Once you’ve met up with her, she’ll ask to meet at a specific location, so you’ll need to collect a boarding pass from Ticket Dog. However, each pass is written in an alien language, meaning you must match it with airport signs to find your flight. Alternatively, you can walk between each separate gate until you find it, though that’s incredibly time-consuming.
Boarding occurs 90 minutes before the flight takes off, though you can just grab another pass at no cost if you miss it. While Dog Airport runs in real-time, you can speed up proceedings with time manipulation booths. If that’s too slow, beds are available, moving you five hours ahead each time.
Accompanying the receptionist can be one of several dogs, each of whom has a request. Bribe Dog is a common companion, and surprise, surprise, he likes bribes. Most DogPCs require a specific item that you have to find, with most becoming a series of (no pun intended) fetch quests.
Unless you find Reverse Bribe Dog, which is just as hilarious as it sounds.
Sadly, this is where things start going south. Though items aren’t hard to obtain, boarding flights to planets is a never-ending stream of quests, all of which become extremely tedious after a short time. Even if you’ve visited a planet before, you can’t just fast-travel back, forcing you to do this process repeatedly.
Making matters worse, I noticed frequent framerate drops when moving the camera, which is surprising considering this isn’t an intense experience on any front. What’s even more baffling is that I played the Xbox Series X version, a next-gen powerhouse, and still experienced these issues. However, Strange Scaffold has since confirmed a hotfix is in the works.

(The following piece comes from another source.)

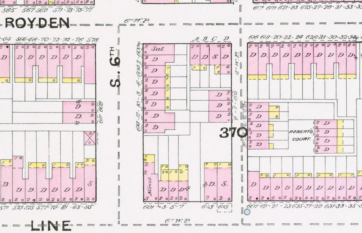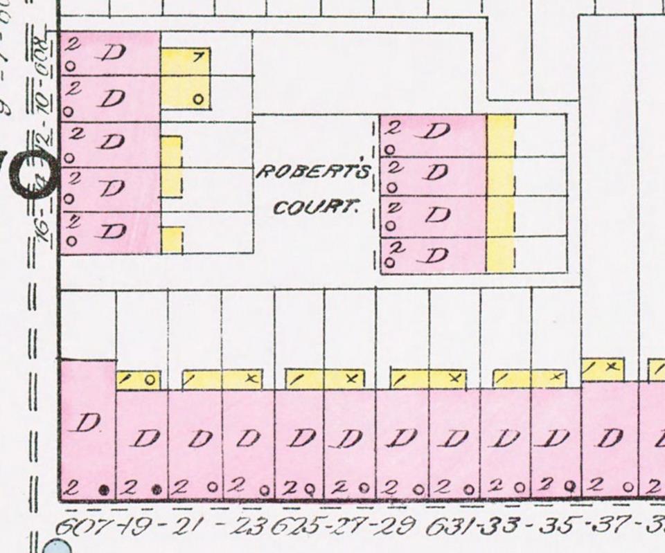ROBERTS COURT was the location of a block of four homes, accessed through an alley that ran eastward from 616 Roberts Street and the rear border of 601 Line Street. It was named by and for Joseph E. Roberts, a successful builder and real estate developer, who was responsible for creating the street and building houses on and near it.

It’s such a shame because it lets down Dog Airport Game’s excellent writing. Despite being a relatively short experience, it manages to build showcase a surprising amount of character between the protagonist and Krista, giving you multiple dialogue options during those encounters.
That’s without touching on the strong sense of humor on display, which truly separates it from other games. Between encounters with Farmer Dog, Therapist Dog, Pill Dog, Rodney (who’s actually a human), Secret Bear, David Bonie, and Chad Shakespeare, to name just a few dogs, the game had me genuinely laughing on multiple occasions. However, considering its niche nature, it's likely to be hit or miss with players.
An Airport For Aliens Currently Run By Dogs Review: The Bottom Line
- Humour is excellent
- A lovely story between the protagonist and Krista
- Unlimited dog petting
- So many fetch quests
- Stuttering frame rate
- Tedious gameplay
There’s no use avoiding this fact: An Airport for Aliens Currently Run by Dogs is ultimately a meme game, though Strange Scaffold has done an excellent job on the writing. Packing a brilliant sense of humor, that fact is only made more prominent by the deliberately low-effort presentation and enjoyable dialogue.
However, those merits get significantly bogged down by tedious gameplay design, one where progression relies on endless fetch quests with little variety. You won’t need long to complete Dog Airport Game, which offers a four- to five-hour campaign, but if you plan on sticking it out, do so in short bursts.
[Note: Strange Scaffold provided the copy of An Airport for Aliens Currently Run by Dogs used for this review.]